聞香回了前院一說,余姑姑就冷笑一聲,給臉不要臉,這是鐵了心要借病挪去長春宮了!真以為那裡就比咸福宮好?春答應自己要找死,余姑姑也不攔著,任她自己作去吧。
倒是石常在是真病了,只一兩天的功夫,她人就瘦了一圈似的,臉色蠟黃,眼睛無神,躺在床上的樣子把聞香都嚇了一跳。

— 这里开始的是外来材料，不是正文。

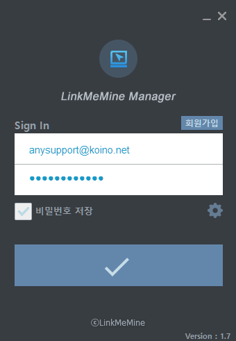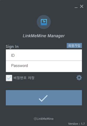 2) 설정: CS 매니저 프로그램에 대한 환경 설정을 실행합니다. 바탕화면에 [LinkMeMine Manager] 아이콘이 생성되며 가입하신 계정 정보로 로그인하여 매니저 프로그램을 실행합니다.
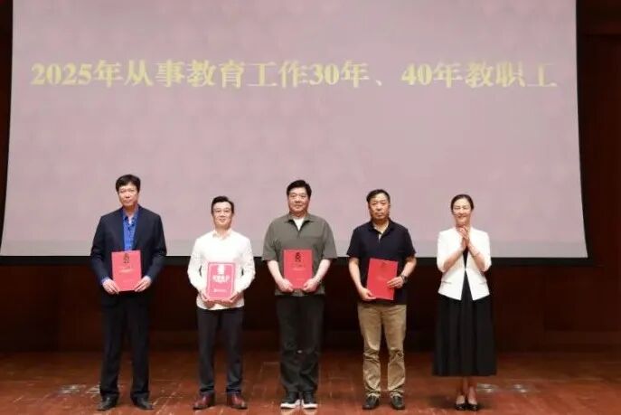 党委书记裴小倩为从教30年、40年教职工颁发荣誉证书。
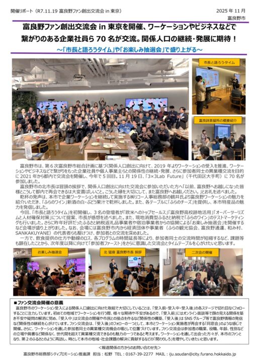 【開催リポート】富良野ファン創出交流会in東京 2025.11.25 令和7年11月19日(水)に都内で「富良野ファン創出交流会in東京」を開催しましたのでお知らせします。 この記事のタイトルとURLをコピーする フリーランス協会 公式note×富良野・親子ワーケーション体験記
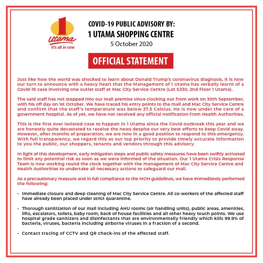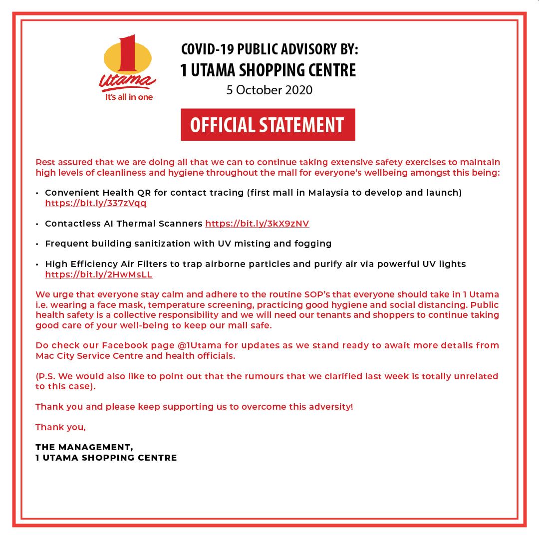 “This is the first ever isolated case to happen in 1 Utama since the Covid outbreak this year and we are honestly quite devastated to receive the news despite our very best efforts to keep Covid away. However, after months of preparation, we are now in a good position to respond to this emergency. With full transparency, we regard this as our top priority to provide timely accurate information to you the public, our shoppers, tenants and vendors through this advisory.”

她的病看著這麼嚴重,可太醫仔細診過脈後,卻只開了些溫補的補藥,轉頭和聞香說,石常在這病,成因是過度疲勞又氣鬱於心,所以也不用怎麼治,只需靜養著再想開些也就能好了。
所以,石常在這是累病加氣病的。
聞香以取藥熬藥的名義把伺候石常在的兩個貼身宮女叫出來追根究底的一問,才知道了她這病到底是怎麼回事——原來自打那次去前院見了聖駕,石常在就開始拼命的練字,每天天一亮她就打開窗戶借著天光開始練,一刻不停,一直練到太陽下山。宮女們怎麼勸都沒用。不光在白天裡熬油似的練字,到了晚上她還半宿半宿的睡不著覺。人早就有些不好了,只是一直拿脂粉遮掩著而已。
余姑姑聽得直搖頭,“她這是想不開呀。何苦呢?”
命由天定,各人有各人的際遇。這石常在只看到萬氏一朝得寵直上雲霄,卻沒想過人家在宮裡面苦熬了多久。要是萬氏和她一樣心窄氣短,在儲秀宮裡見到旁人得寵就覺得是人家搶了自己的機會,那早就氣死不知道多少回了,哪能有今天。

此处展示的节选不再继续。